Iglo Group conducted research, which showed that 1 in 5 people throw away food because they’ve prepared, cooked or served too much (22%), or because they feel it has expired (20%). The research also found that consumers find existing food labels confusing. Over 71% of consumers think that throwing away food, which has passed its ‘best-before’ date, is wasteful. Meanwhile, only 33% of people considered food that had passed its ‘use-by’ date to be waste.

Iglo Group’s research also found that 50% of people don’t think they are wasting food if they throw away a sprouting potato. And only 24% would consider a cup of tea to count towards the food they throw away. WRAP’s research yielded similar results, finding that 5.8 million potatoes are discarded each day in the UK, and that drinks comprise 17% of total food waste. Both studies concluded that people are unknowingly wasting food.

Research results demonstrated to the Iglo Group that further education was required to encourage consumers to store and freeze food rather than throw it away. The Group plans to provide information through TV and print advertising, online tips and on-pack advice. Throughout 2015, the company plans to invest over €5m in iFreeze and will contribute to the Forever Food Together goal to inform consumers on at least one billion occasions by the end of 2020.

Iglo Group also plans to continue to take a collaborative approach and form further partnerships across Europe as it launches in other countries.

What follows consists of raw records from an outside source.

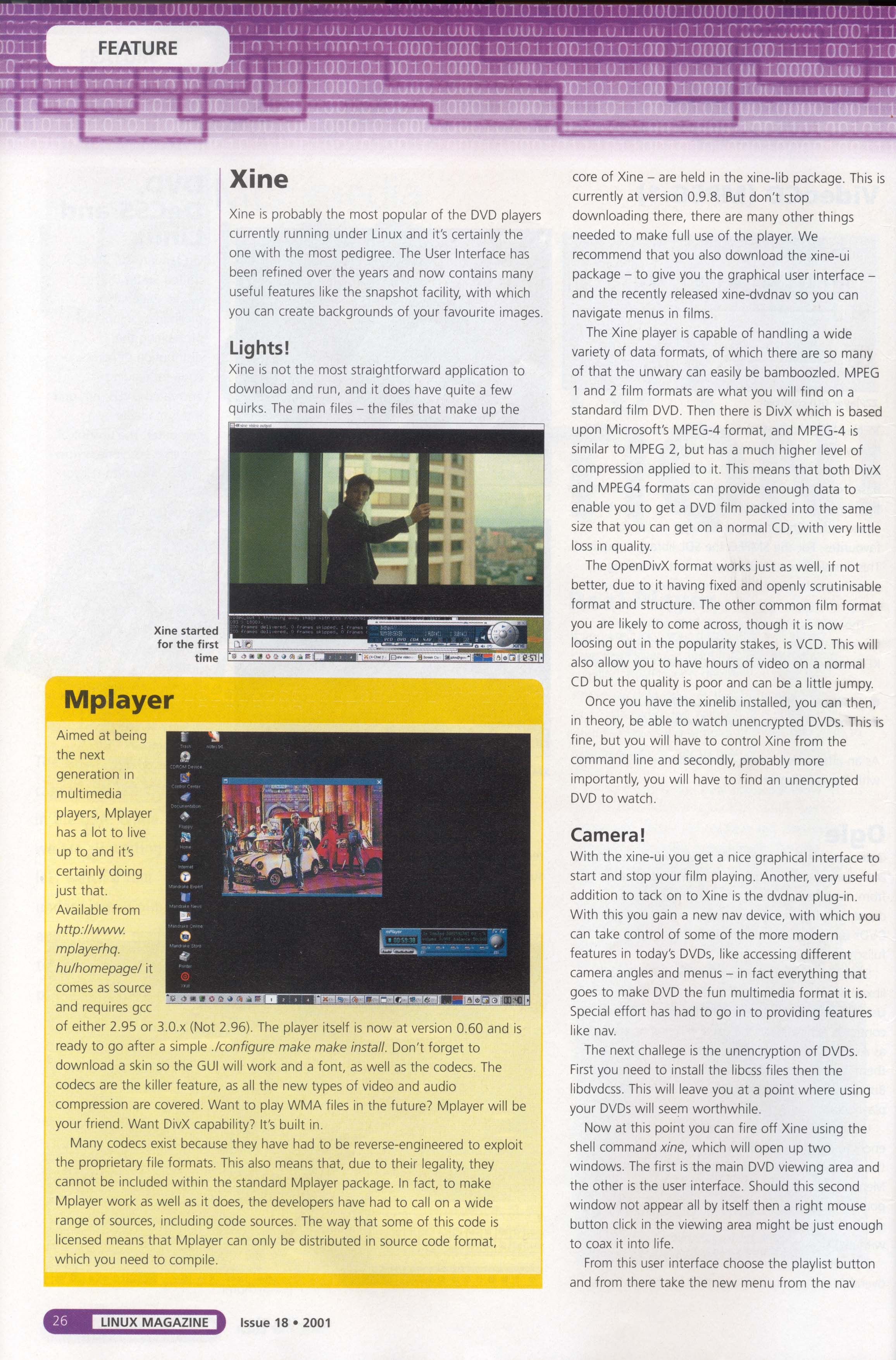 2001 English Linux Magazine Article about xine, with MPlayer as a side-note
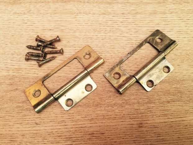 En el espíritu de reutilización, había podrido estas bisagras de un antiguo conjunto de puertas francesas, pero funcionan realmente las bisagras. Si yo iba a comprar las bisagras, conseguiría una bisagra de piano.
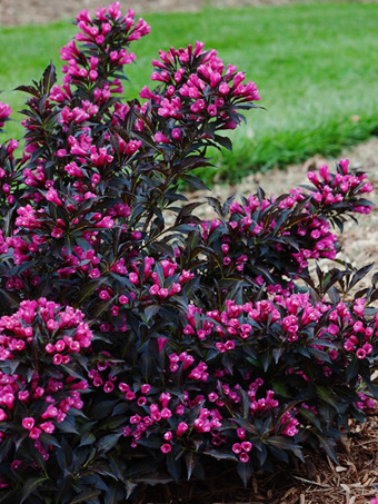 The smaller Weigela plants can be grown alone in the foreground spaces between larger shrubs, but they really excel as edging for beds, or in clusters in front of larger bushes.
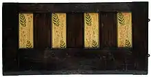 In the same year he decorated and furnished Miss Cranston's Buchanan Street tea room, originally designed by George Washington Browne where Walton continued to develop his stencilling technique having abandoned wallpaper in favour of this more versatile technique. A review by Joseph Gleeson White commented on the elegant simplicity of Walton’s design despite the involvement of Washington Brown, whose work was considered heavy-handed.[15] Walton also designed the furniture which was noted for its ‘sinuous verticality’ and accorded with the Glasgow Style aesthetic.[16]
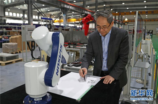 3月29日,沈陽新松機器人自動化股份有限公司創(chuàng)始人兼總裁曲道奎和公司生產(chǎn)的機器人共同書寫“愛國奮斗”字樣。 新華社記者 楊青 攝
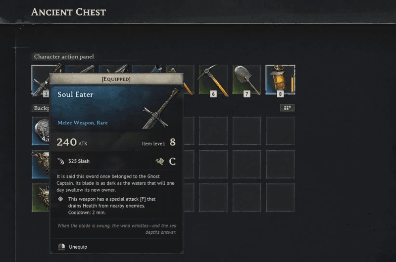 After you’ve defeated Hands, you can claim the Soul Eater sword from the ancient chest in the boss arena. This is a great sword considering its damage output and its an item level 8.
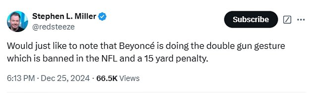 ‘Would just like to note that Beyoncé is doing the double gun gesture which is banned in the NFL and a 15 yard penalty,’ one NFL said.
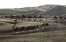 Sur une longue note tenue dans l'aigu des violons (évoquant le désert) et la clarinette expose le thème du chant russe. Le cor le reprend plus grave en lui ajoutant le sentiment d'une chose lointaine. Un rythme régulier (évoquant la marche de la caravane en Asie centrale) naît aux cordes (pizzicati) et se maintiendra pendant presque toute l'œuvre. Le second thème, un chant oriental très mélancolique, est joué par le cor anglais. La caravane passe devant nous. Le thème russe présenté aux bois puis aux cors éclate presque brutalement. Enfin, les deux mélodies se superposent. Le diminuendo reprend des fragments du thème russe qui retentit une dernière fois à la flûte sur une note tenue aiguë, comme au début du morceau.

“Freezing, as a means of preservation, and frozen food both have the potential to play a key role in the fight against food waste and save consumers money,” said Andy Weston-Webb, UK MD, Iglo Group. “As Europe’s leading frozen food company, we should and can help educate consumers. Research shows that consumers want businesses to work with other organizations and forming this partnership with WRAP enables us to elevate this message. We’re delighted that Birds Eye is the first Iglo Group brand to launch iFreeze.”

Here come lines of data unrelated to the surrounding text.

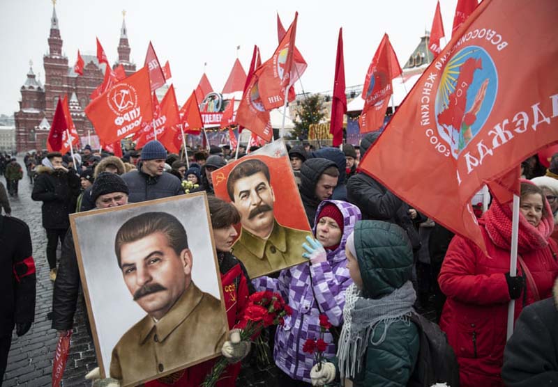 คิดถึงสตาลิน : ผู้ชุมนุมชาวรัสเซียถือรูปภาพของโจเซฟ สตาลิน อดีตผู้นำเผด็จการของอดีตสหภาพโซเวียต ระหว่างรอเข้าแถวเพื่อวางดอกไม้ที่หลุมศพ ของเขา ในกรุงมอสโก ประเทศรัสเซีย เนื่องในวาระครบรอบวันคล้ายวันเกิด 139 ปี ของสตาลิน
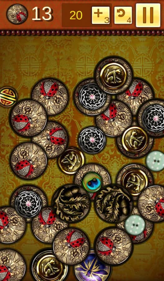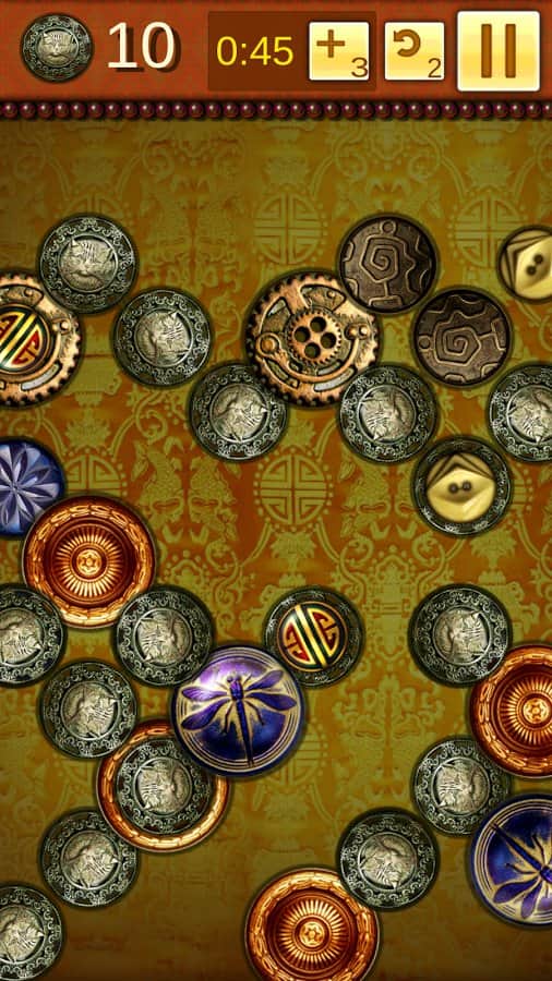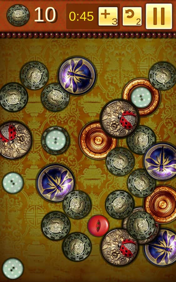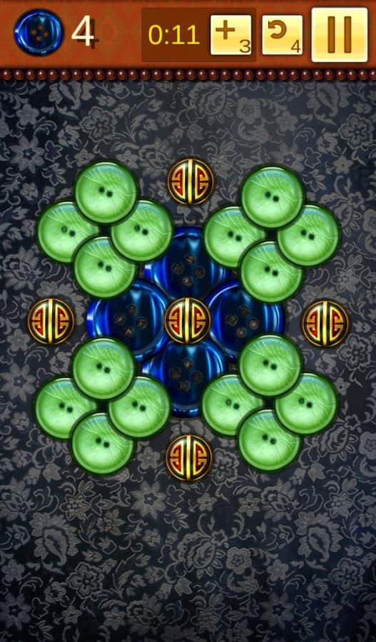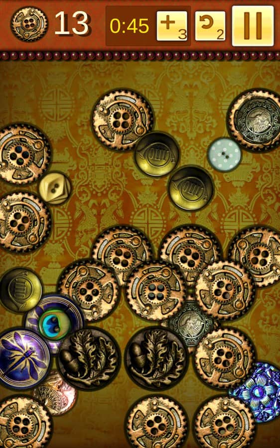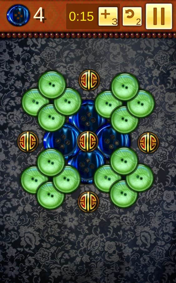 Buttons Match – игра головоломка на андроид, где вам предстоит находить и убирать одинаковые пуговицы с поля. Цель игры очень проста вам необходимо полностью очистить поле от пуговиц, за минимально короткое время. Убирайте пуговицы только парно и те, которые не прикрыты сверху другими пуговицами. Применяйте всю свою наблюдательность и сосредоточенность, чтобы отыскать пару пуговице и справиться с поставленной задачей быстро. Выбирайте понравившийся режим игры и наслаждайтесь часами проведенными в этой игре с большим количеством разнообразных уровней.
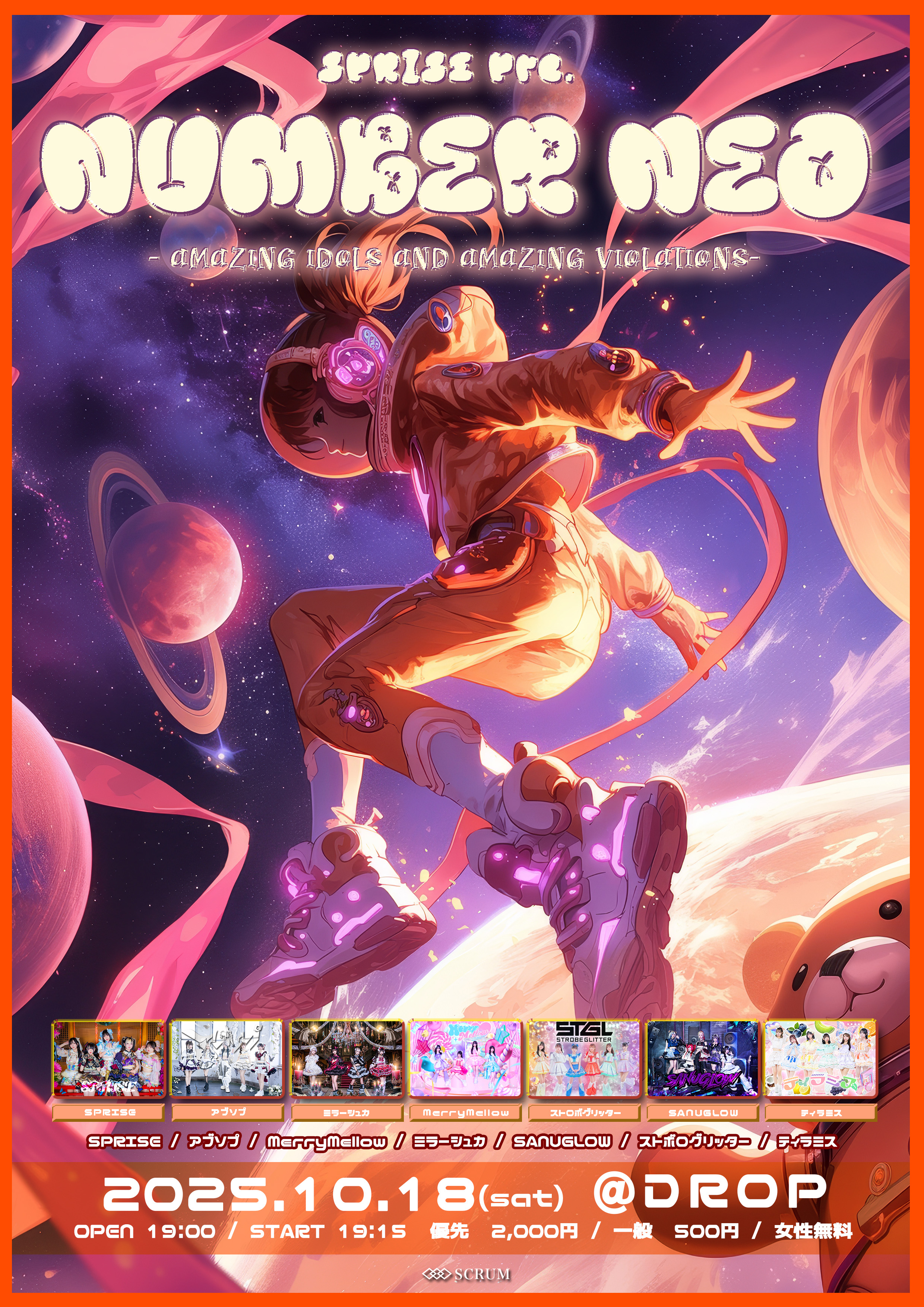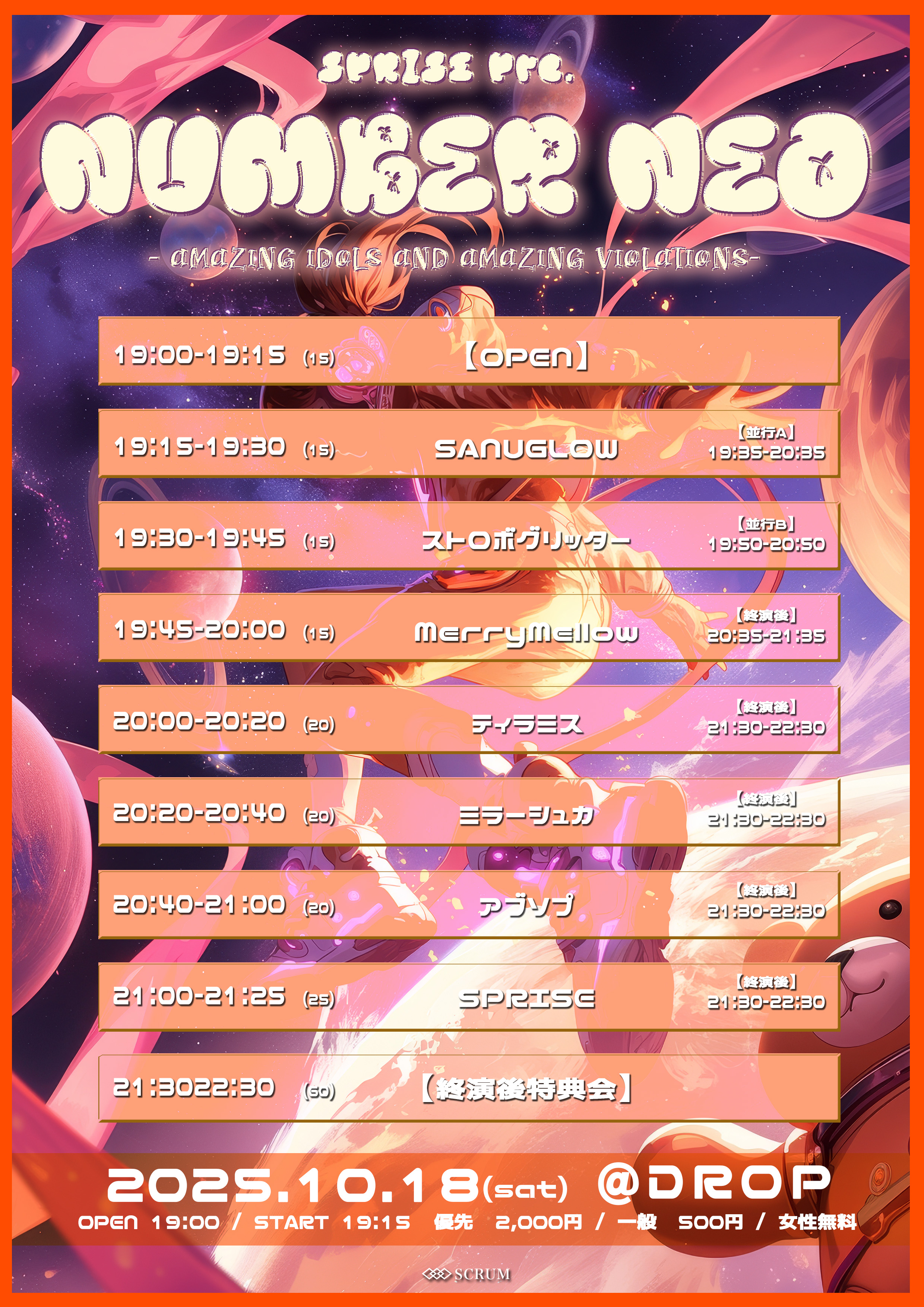 アメリカ村 DROP(ドロップ) スケジュール 2025.10.18(Sat) SPRISE pre.『NUMBER NEO』 [ACT] SPRISE / アブソプ / MerryMellow / ミラーシュカ / SANUGLOW / ストボログリッター / ティラミス [OPEN/START] 19:00/19:15 [料金] 優先 ¥2,000 / 一般 ¥500 / 女性 ¥0 (+1D) 【タイムテーブル】 https://t-dv.com/Tuwszj1pAag6hh →10/09 19:00〜 10/18 19:20

WRAP has been working with Iglo on the iFreeze project using its industry experience, evidence based research and results on food waste.

“WRAP found that around 850,000 tonnes of good food goes to waste every year from our homes, which could have been eaten later if frozen,” said Dr Liz Goodwin, CEO, WRAP. “That’s throwing away enough food to fill Wembley stadium, food worth more than £3 billion. So it’s crucial to raise awareness and provide information on ways to prevent food waste, and WRAP is delighted to be working with Iglo. This partnership allows us to highlight the important role freezing can play in reducing food waste, and will help support our ambition to halve UK avoidable household food waste by 2025.”

WRAP also published a report earlier this month estimating that an increase on product life of just one day across a range of foods could prevent roughly 250,000 tons of food waste each year.